12 rows in set. Elapsed: 0.014 sec. Processed 11.04 thousand rows, 4.51 MB (804.42 thousand rows/s., 328.47 MB/s.)
Peak memory usage: 4.23 MiB.
so 1 log generated 12 rows :S
n
Something is wrong on clickhouse only, can you try restarting clickhouse once, also check the logs of clickhouse ?
d
i'll try to restart it - but the only errors in the clickhouse server are things like this:
Copy code
2024.09.13 08:24:17.296544 [ 516027 ] {2ca0f204-c24b-4340-ad76-345ab6e6a8e2} <Error> executeQuery: Code: 10. DB::Exception: Not found column attributes_bool.keys in block. There are only columns: ts_bucket_start, resource_fingerprint, timestamp, observed_timestamp, id, trace_id, span_id, trace_flags, severity_text, severity_number, body, attributes_string, attributes_number, attributes_bool, resources_string, scope_name, scope_version, scope_string: while pushing to view signoz_logs.attribute_keys_bool_final_mv (211bdbc2-196d-43ad-9f49-a31b13627556). (NOT_FOUND_COLUMN_IN_BLOCK) (version 24.8.2.3 (official build)) (from 192.168.2.50:47028) (in query: INSERT INTO signoz_logs.distributed_logs_v2 ( ts_bucket_start, resource_fingerprint, timestamp, observed_timestamp, id, trace_id, span_id, trace_flags, severity_text, severity_number, body, attributes_string, attributes_number, attributes_bool, resources_string, scope_name, scope_version, scope_string ) VALUES), Stack trace (when copying this message, always include the lines below):
restarted node 1 and tried again - same error. restarted node 2 as well now - same error.
n
I am out of ideas r.n. Can you check if this returns empty result
Copy code
SELECT
    database,
    table,
    error_count,
    last_exception,
    data_files,
    data_compressed_bytes
FROM system.distribution_queue
WHERE error_count > 0
d
yep zero rows 🙂
I do find the weird ones \o/
n
@Srikanth Chekuri any ideas on this ? the schema seems to be in a correct state but Clickhouse is complaining.
d
Copy code
clickhouse-server --version
ClickHouse server version 24.8.2.3 (official build).

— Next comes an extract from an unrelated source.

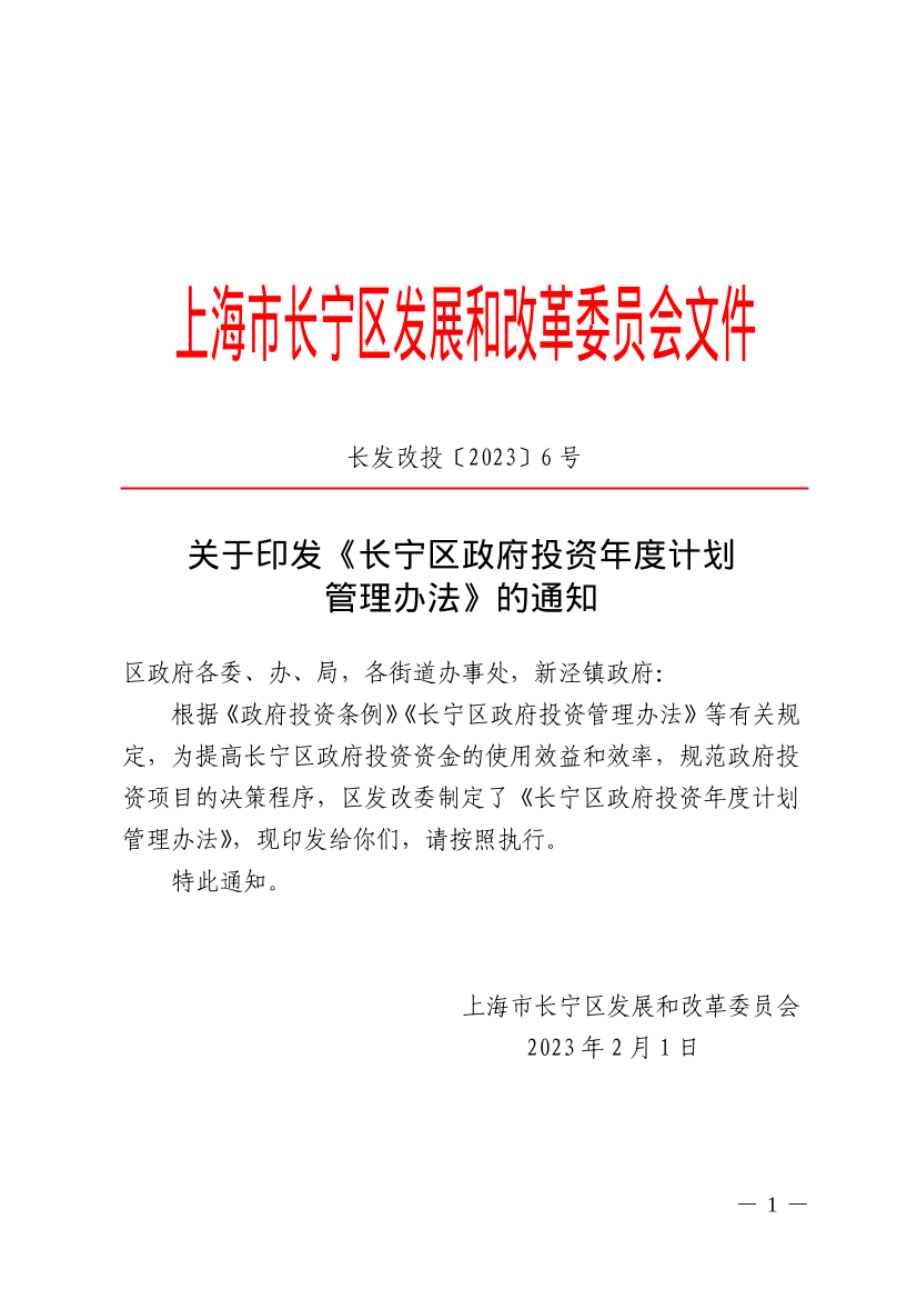 根据《政府投资条例》《长宁区政府投资管理办法》等有关规定,为提高长宁区政府投资资金的使用效益和效率,规范政府投资项目的决策程序,区发改委制定了《长宁区政府投资年度计划管理办法》,现印发给你们,请按照执行。
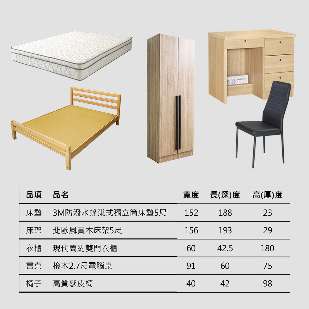 床墊: 3M防潑水蜂巢式獨立筒床墊(5尺)

just going to check my one in china too - for perf - next week i need to build out production for them, hence the questions above about DB.
china is on 0.53 atm
n
Does it have a replicated cluster as well in docker ?
d
yes, they're all the same
image.png
the extra LB in front of Clickhouse is a fib atm, hence the question 🙂
Clickhouse DB's are ec2 instances, the rest is fargate ecs containers
n
One thing you can try is dropping the materialized views and related tables, it won’t cause data logs.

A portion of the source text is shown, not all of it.